Sen. Dick Durbin (D-Ill.), left, listens as President Donald Trump...

Sen. Dick Durbin (D-Ill.), left, listens as President Donald Trump speaks during a meeting with lawmakers on immigration policy in the Cabinet Room of the White House, Tuesday, Jan. 9, 2018, in Washington. Credit: AP

WASHINGTON — President Donald Trump on Friday denied reports he used vulgar terms to describe Haiti and Africa at a meeting about immigration Thursday, but Sen. Dick Durbin pushed back, saying that “he said these hate-filled things, and he said them repeatedly.”

Durbin (D-Ill.) confirmed news reports that in response to a measure to allow immigration from African nations, Trump said, “Why are we having all these people from shithole countries come here?” Trump said he favored letting in people from Norway instead.

The White House did not deny the comments Thursday evening, even as the remarks stirred a stunned and growing furor overnight and into Friday by lawmakers from both parties, civil rights advocates, and African and Haitian leaders.

Yet on Friday Trump blamed Democrats for the uproar over the reported comments, saying he “should record future meetings,” and tweeted his denial: “The language used by me at the DACA meeting was tough, but this was not the language used.”

Trump specifically denied that he belittled Haiti or said immigrants from Haiti should be taken out of the immigration plan, tweeting, “Never said anything derogatory about Haitians other than Haiti is, obviously, a very poor and troubled country.”

Durbin, who was the only Democrat in the room, told reporters Friday that Trump made the “vile” and “racist” comments in an Oval Office meeting Thursday as he and Sen. Lindsey Graham (R-S.C.) presented a bipartisan immigration proposal.

Trump rejected the proposal that would protect the status of immigrants brought to the United States as children under the DACA program that Trump has ordered to end in March using vile language, Durbin said, and later called their plan “a big step backwards.”

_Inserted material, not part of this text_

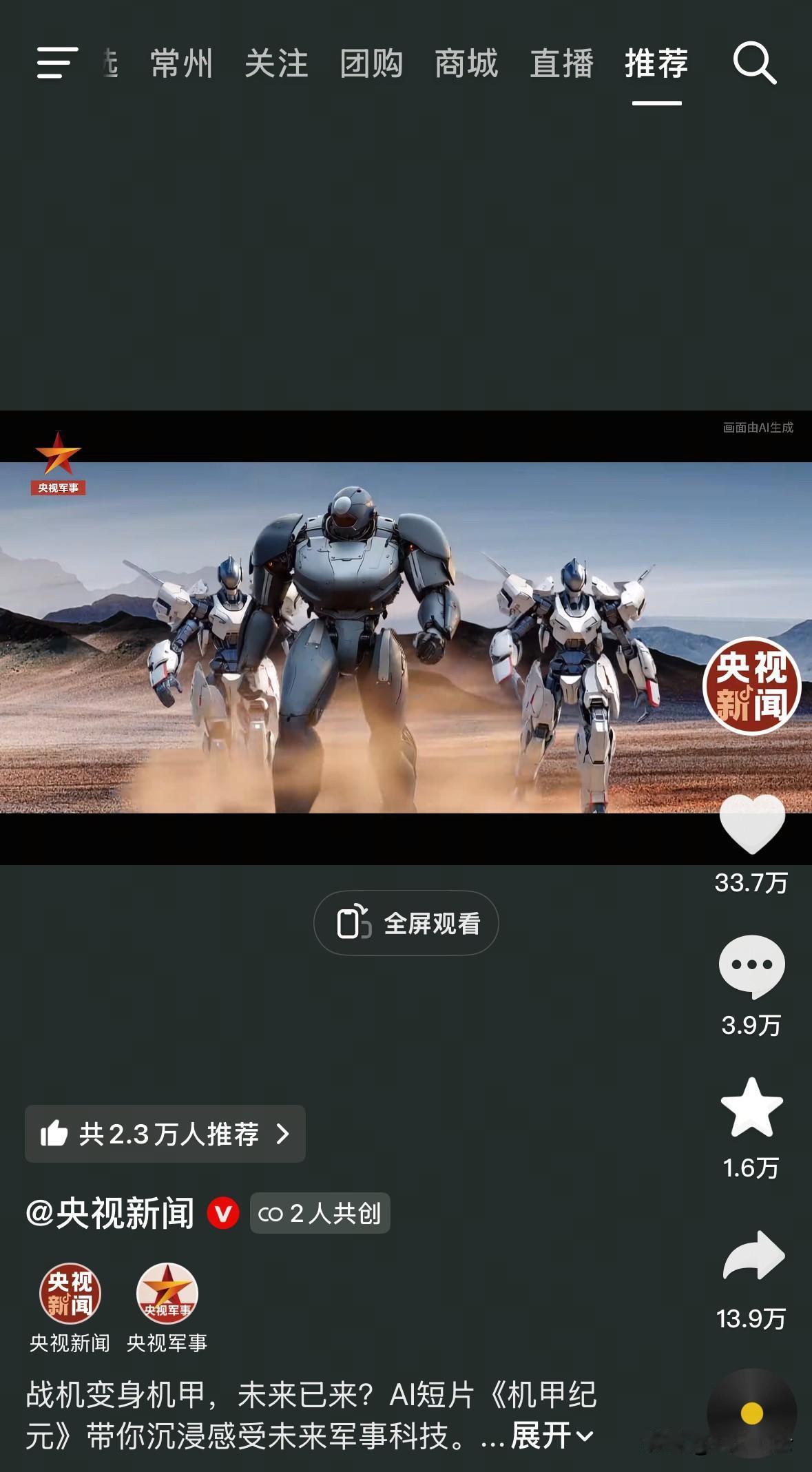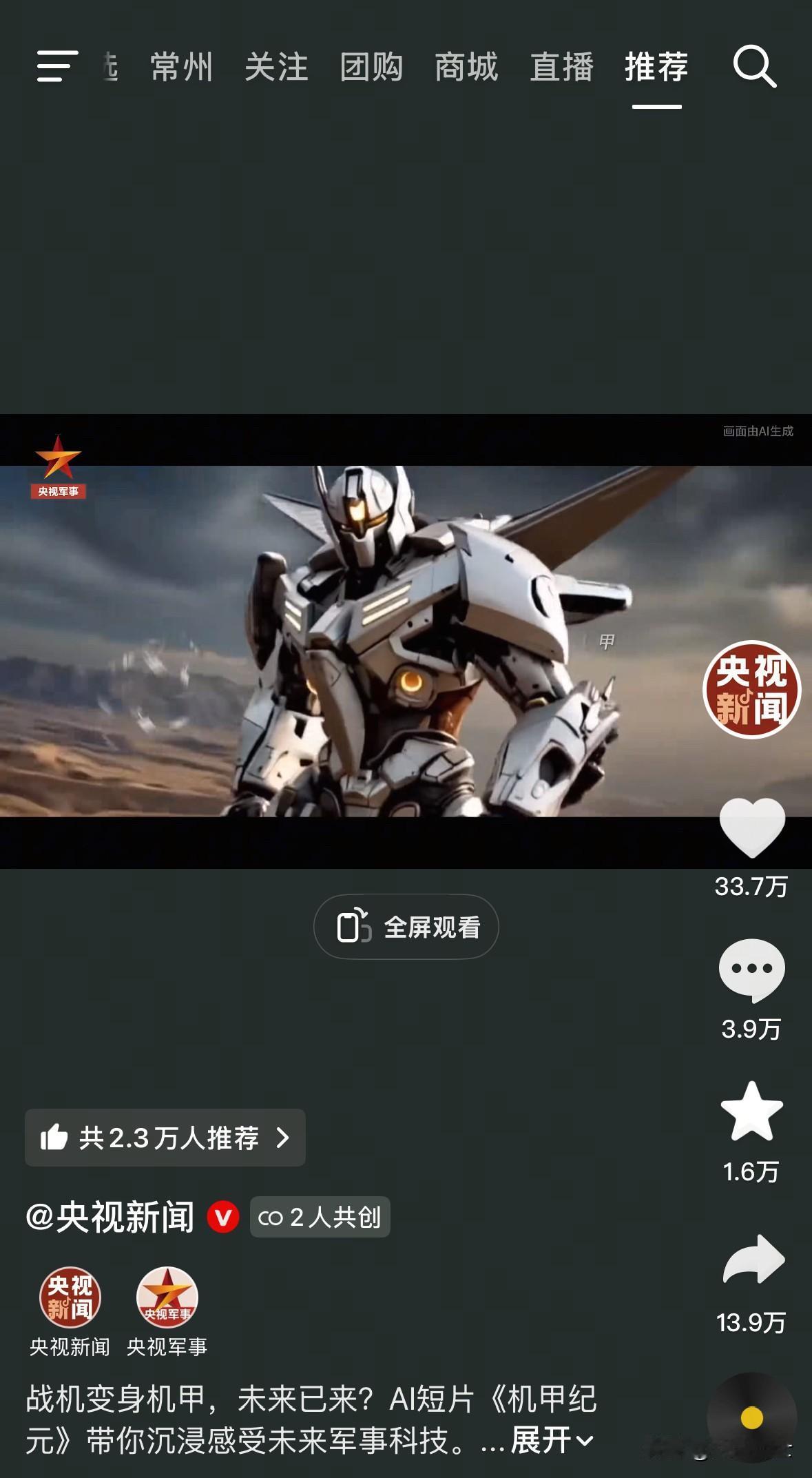 央视新闻和央视军事共创AI短篇《机甲纪元》,央视亲自认证科幻机甲真的要照进现

Credit: News 12 Long Island

“You’ve seen the comments in the press. I have not read one of them that is inaccurate,” Durbin told reporters. “To no surprise, the president started tweeting this morning, denying he used those words. It is not true. He said these hate-filled things and he said them repeatedly.”

Durbin said Graham “spoke up and made a direct comment on what the president said. For him to confront the president as he did, literally sitting next to him, took extraordinary political courage and I respect him for it.”

In a statement, Graham said he appreciated Durbin’s comments and added, “Following comments by the President, I said my piece directly to him yesterday. The President and all those attending the meeting know what I said and how I feel.”

Two Republicans in the meeting, Sen. David Perdue (R-Ga.) and Sen. Tom Cotton (R-Ark.), said in a statement, “In regards to Senator Durbin’s accusation, we do not recall the President saying these comments specifically.”

Sen. Jeff Flake (R-Ariz.), a Trump critic who is retiring at the end of this year, however, tweeted, “The words used by the President, as related to me directly following the meeting by those in attendance, were not ‘tough,’ they were abhorrent and repulsive.”

Defending Trump, Rep. Jim Renacci (R-Ohio) told “Fox & Friends,” “I’ve said all along the president many times says what people are thinking.” Renacci added that in four years “Let’s judge the president after what we’ve done — let’s not judge the president on what he says.”

The president did not respond to questions from reporters about his denial or reported comments as he marked Monday’s commemoration of the Rev. Martin Luther King Jr. in a Friday ceremony at the White House.

The remarks were condemned by several politicians Friday, including House Speaker Paul Ryan (R-Wis.) who commented at a political event in Wisconsin, calling the comments “very unfortunate, unhelpful.”

At Thursday’s immigration meeting, Trump said he objected to continued protective status for Haitians along with Salvadorans, Durbin said. “Haitians. Do we need more Haitians?” Trump said, according to Durbin.

“Then he went on when we started to describe the immigration from Africa that was being protected in this bipartisan measure,” the senator said.

“That’s when he used these vile vulgar comments, calling the nations they come from ‘shitholes.’ The exact word used by the president. Not just once but repeatedly,” Durbin said.

Later Friday, Rep. Cedric Richmond (D-La.), chairman of the Congressional Black Caucus, and Rep. Jerrold Nadler (D-Manhattan), the top Democrat on the House Judiciary Committee, announced they would introduce a motion to censure the president for his comments.